Abstract

R ecent work on Britain's economic performance has begun to adjust our understanding of the country's relative economic decline. While relative decline was apparent throughout the century after 1870, it has been argued, 'decline appears to have been at its most rapid in the years from the 1950s to the 1970s', the so-called 'golden age' of capitalism, just when British performance, measured in historic terms, was relatively good.2 Broadberry's most recent work has confirmed this view. The productivity of British labour in manufacturing, he has argued, was better than often thought, and poor productivity was largely confined to the period 1950-79.3 This poor performance could in part be explained by historical legacies but its essential causes lay in factors particular to the period after 1945.4 In seeking to explain relative decline after 1945 it has been common since the 1960s to highlight defects in Britain's institutions.
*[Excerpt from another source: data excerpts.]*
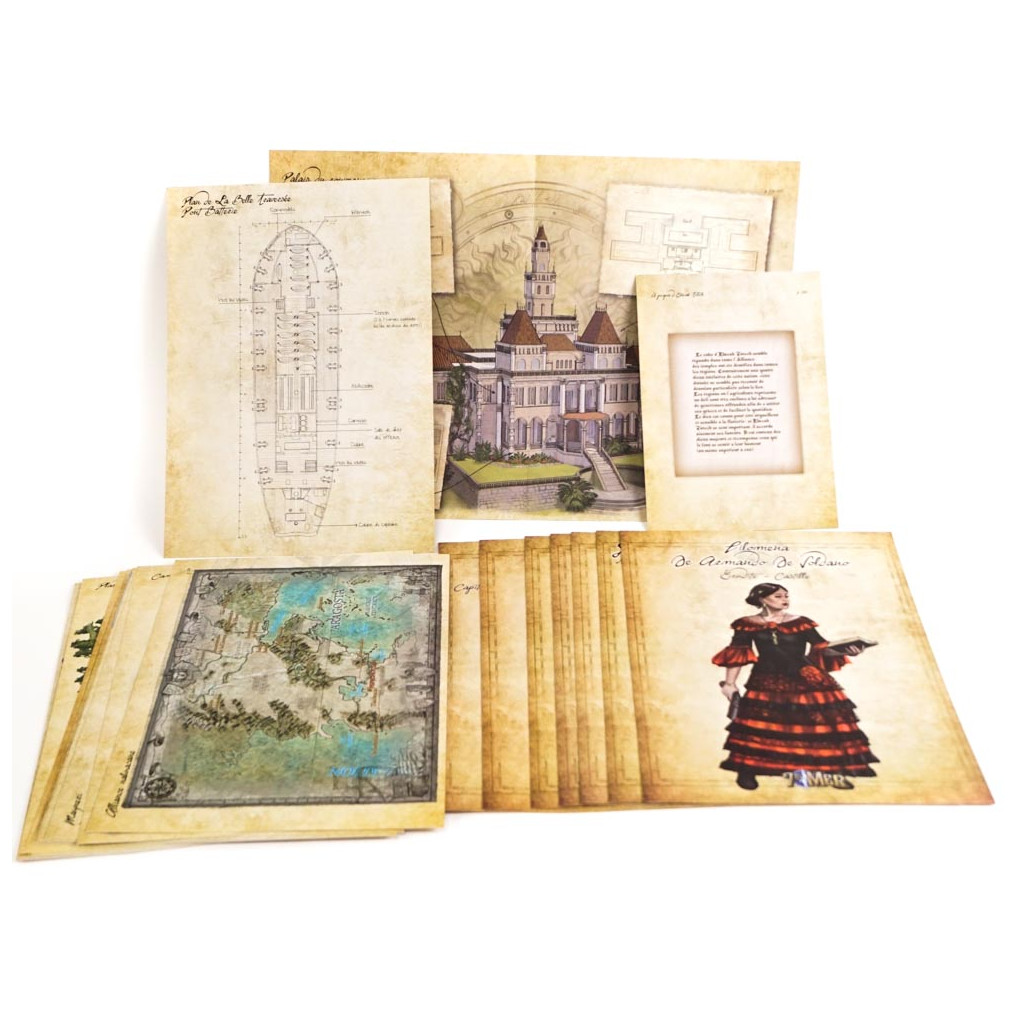 Vous y trouverez aussi 15 cartes, toujours au format A3, représentant les principales cités de toutes ces régions. De la Cité Franche, au Verrou de Dörtharo, en passant par Easafir ou encore aux ruines de Mangulik, toutes ces cartes sont agrémentées d’un signalement des lieux notables et des points d’intérêt, ainsi que de l’emblème de la cité concernée.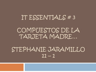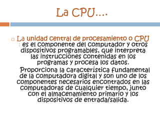 La tarjeta madre contiene la CPU, módulos de memoria RAM, disipador de calor y ventilador. La CPU procesa datos e instrucciones. El compuesto térmico mejora la disipación de calor entre componentes. Los módulos RAM almacenan datos e información de forma temporal. El disipador de calor y el ventilador ayudan a reducir la temperatura de los componentes electrónicos.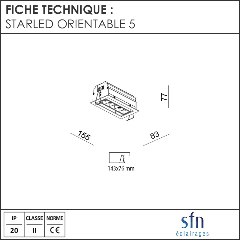 ELI-05288302 | STARLED ORIENTABLE 5x2W 3K BLANC | 10 | Oui | 3000 | 1120 | 143x76 | 77 | 155x83 |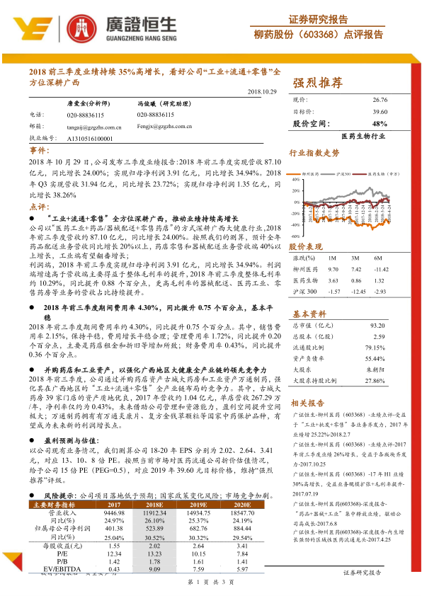 柳药股份在2018年前三季度实现了营收和归母净利润的持续高增长,分别达到24.00%和34.94%。这一强劲业绩主要得益于公司在广西地区“工业+流通+零售”全方位深耕战略的有效实施,以及高毛利率业务占比的提升,使得整体毛利率同比提升0.88个百分点。公司通过并购古城大药房和万通制药,进一步巩固了其全产业链竞争力,为未来增长奠定了坚实基础。尽管期间费用率略有上升,但整体保持平稳。分析师基于对公司未来盈利能力的乐观预测,维持“强烈推荐”评级,并设定了39.60元的目标价,凸显了其投资价值。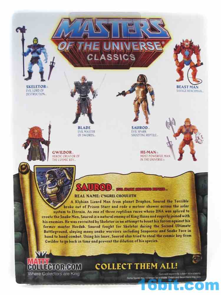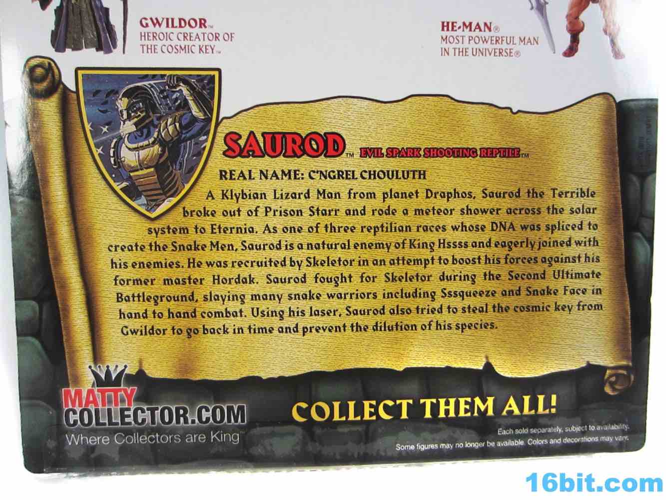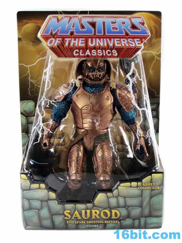 As is the way of Masters of the Universe Classics, Saurod is billed as an "Evil Spark Shooting Reptile" but does not shoot sparks, at all. The original toy had a mechanism, but that sort of thing was engineered out of toys during the Clinton administration. Add in the fact that fans were convinced that articulation always trumps action features, and you get an admittedly good - but not as fun as it could be - action figure geared to collectors that exists solely to put a check in a box so that Mattel could update the original line. This is a very nice figure - but I'd be lying if I said I didn't wish that they found a way to simulate sparks via an alternate head or a snap-on piece.

This aspect has received renewed attention from economic historians with the rising popularity of 'new institutional' approaches across the social sciences.5 Thus the work of Broadberry and Crafts and other recent studies, for example by Middleton, have highlighted the importance of institutional arrangements in explaining Britain's relatively poor economic performance since 1945.6 Building on work by Middlemas, Flanagan and his coauthors, and Smith, they have placed particular stress on the detrimental effect of Britain's postwar settlement.7 It is suggested, above all, that Britain adopted a particularly non-interventionist variant of Keynesian demand management which left labour and capital relatively autonomous.